__WORK TO COMPLETE__.
Keep the images out while you set down the data exactly.

__DATASET CONTENT__.
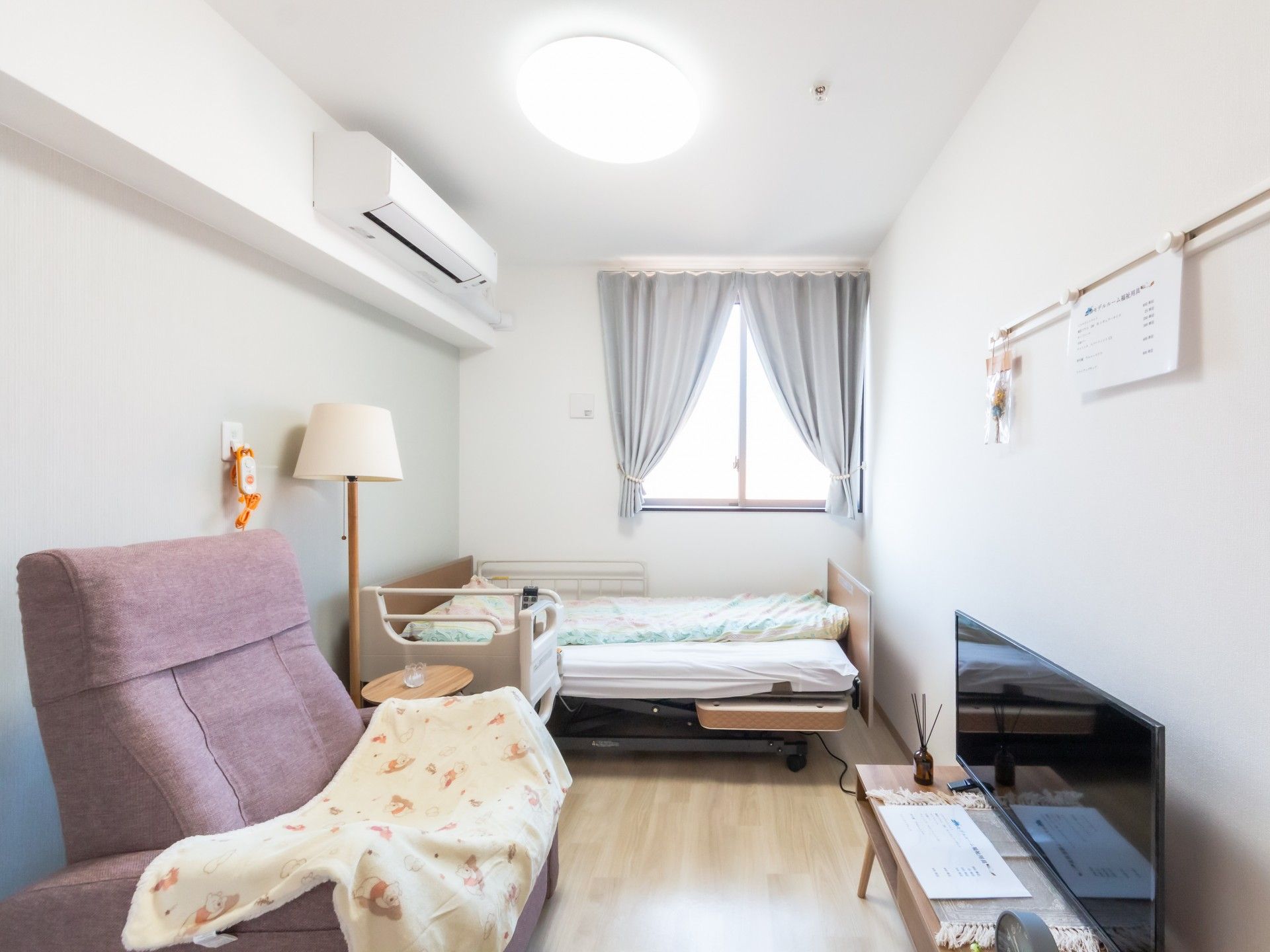 サンケアレーベン堺では、全24室の個室にエアコン・トイレ・洗面台・ナースコール・照明を標準装備しています。13㎡のゆとりある空間で、プライバシーを守りながら自分のペースで生活していただけます。居室では自分だけの時間を大切にしながら、共用スペースでは他のご入居者様とほどよい距離感で過ごすことができます。要介護1~5の方、65歳以上の方が入居可能で、認知症の方や生活保護受給者の方もご相談いただける体制を整えています。
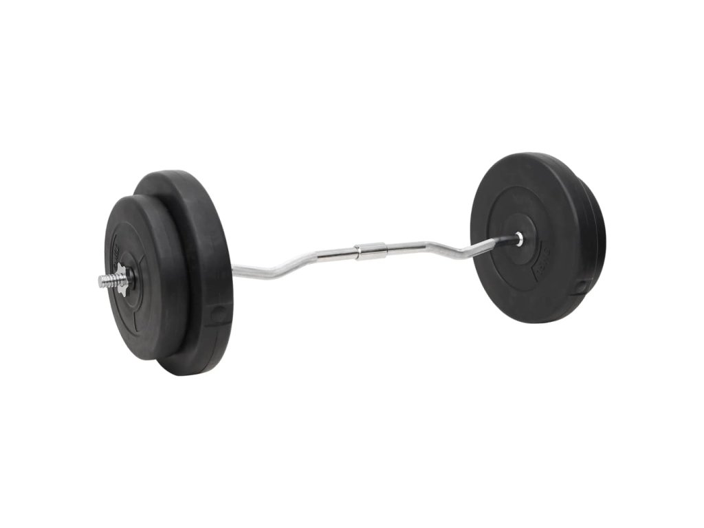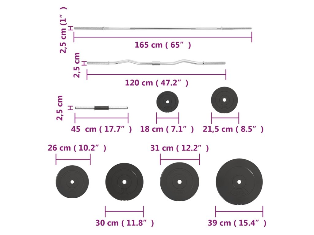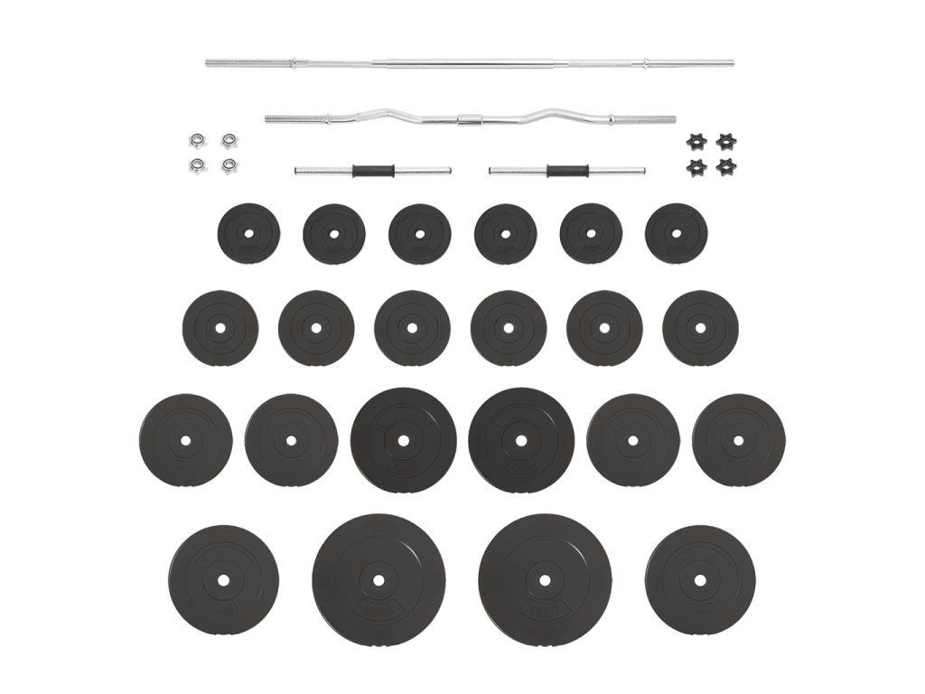 - Hmotnost kotoučů: 2x 7,5 kg, 6x 2,5 kg, 6x 1,25 kg, 4x 5 kg, 2x 15 kg, 2x 10 kg
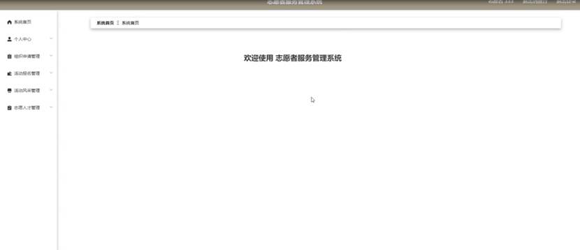 志愿组织进入主页面,主要功能包括对系统首页、个人中心、志愿组织管理、组织申请管理、志愿活动管理、活动报名管理、活动风采管理、系统管理等功能进行操作。
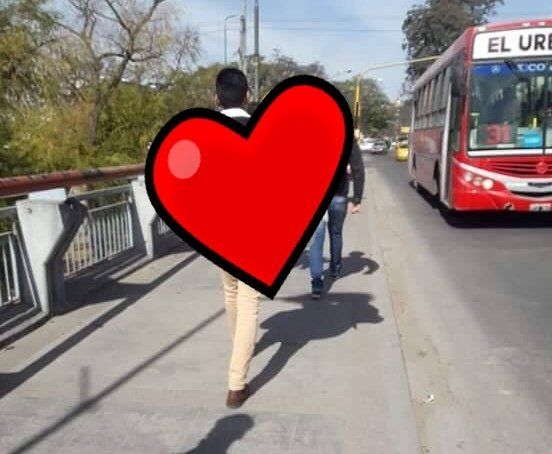 La imagen muestra a un joven llevando un peluche gigante por pleno centro de la capital jujeña. Si bien se puede interpretar de muchas formas, la mayoría de los usuarios de Facebook coinciden en que es un hombre enamorado.
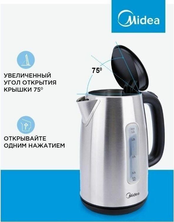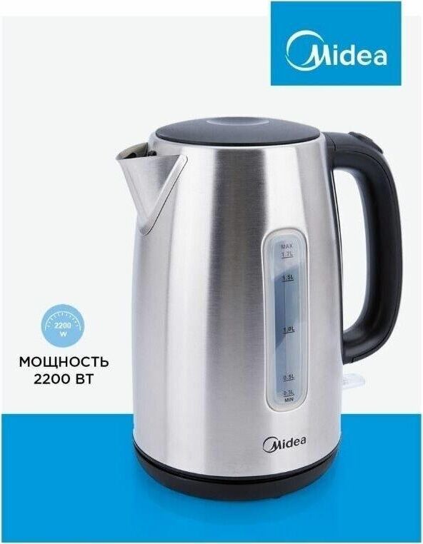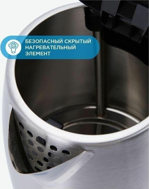 Тип электрочайник. Объем 1.7 л. Потребляемая мощность 2200 Вт. Нагревательный элемент скрытый. Покрытие нагревательного элемента нержавеющая сталь. Индикатор уровня воды. Открывание крышки кнопкой. Материал сталь.
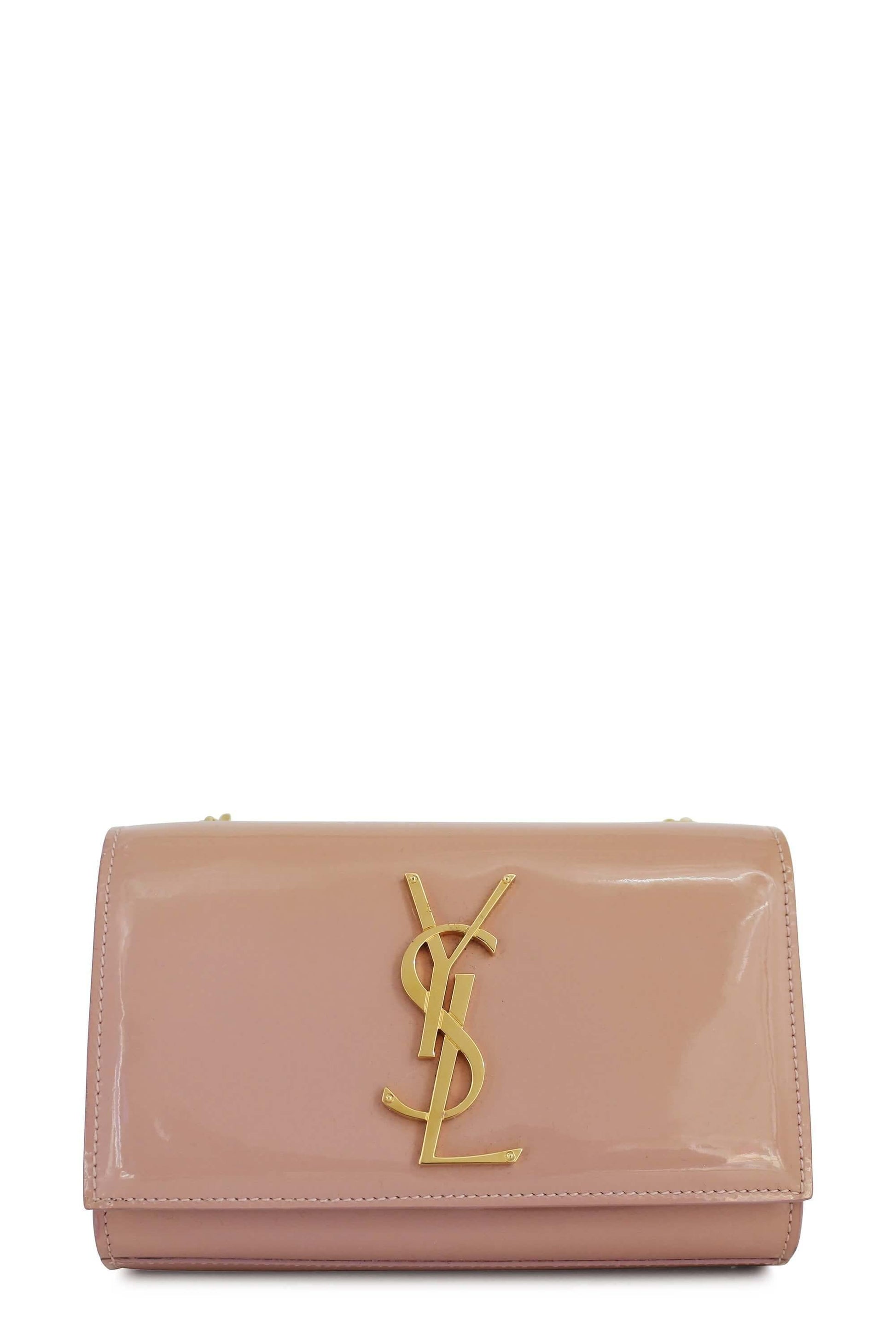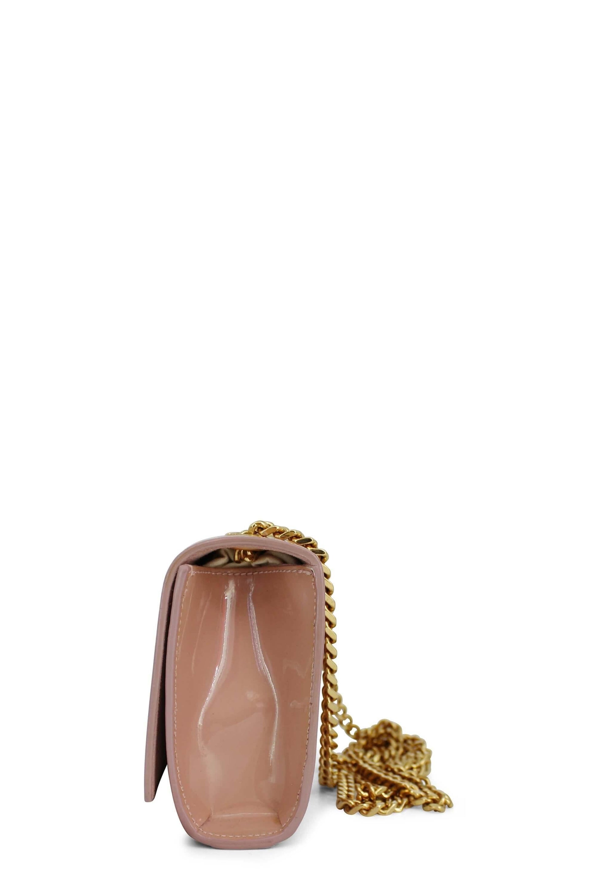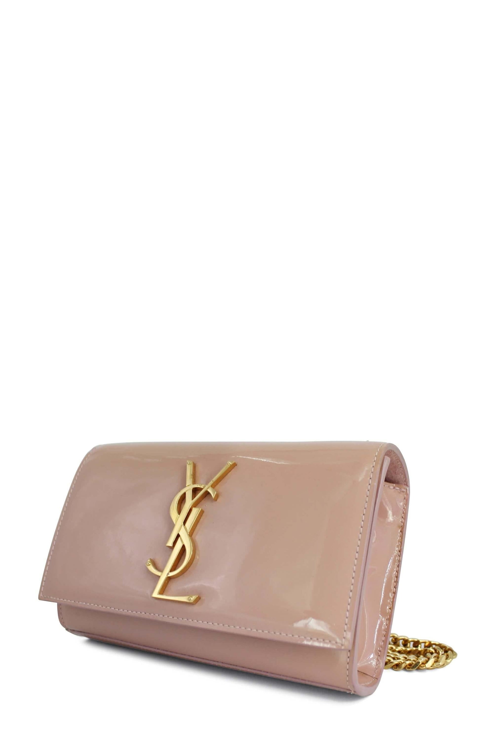 This stylish bag is crafted of high gloss patent leather in pink. The bag features a full frontal flap with a classic gold YSL logo and a gold chain cross-body strap. The flap opens to a matching pink suede interior with a flat pocket.

__EXERCISE SOLUTION__.
 サンケアレーベン堺では、全24室の個室にエアコン・トイレ・洗面台・ナースコール・照明を標準装備しています。13㎡のゆとりある空間で、プライバシーを守りながら自分のペースで生活していただけます。居室では自分だけの時間を大切にしながら、共用スペースでは他のご入居者様とほどよい距離感で過ごすことができます。要介護1~5の方、65歳以上の方が入居可能で、認知症の方や生活保護受給者の方もご相談いただける体制を整えています。
 - Hmotnost kotoučů: 2x 7,5 kg, 6x 2,5 kg, 6x 1,25 kg, 4x 5 kg, 2x 15 kg, 2x 10 kg
 志愿组织进入主页面,主要功能包括对系统首页、个人中心、志愿组织管理、组织申请管理、志愿活动管理、活动报名管理、活动风采管理、系统管理等功能进行操作。
 La imagen muestra a un joven llevando un peluche gigante por pleno centro de la capital jujeña. Si bien se puede interpretar de muchas formas, la mayoría de los usuarios de Facebook coinciden en que es un hombre enamorado.
 Тип электрочайник. Объем 1.7 л. Потребляемая мощность 2200 Вт. Нагревательный элемент скрытый. Покрытие нагревательного элемента нержавеющая сталь. Индикатор уровня воды. Открывание крышки кнопкой. Материал сталь.
 This stylish bag is crafted of high gloss patent leather in pink. The bag features a full frontal flap with a classic gold YSL logo and a gold chain cross-body strap. The flap opens to a matching pink suede interior with a flat pocket.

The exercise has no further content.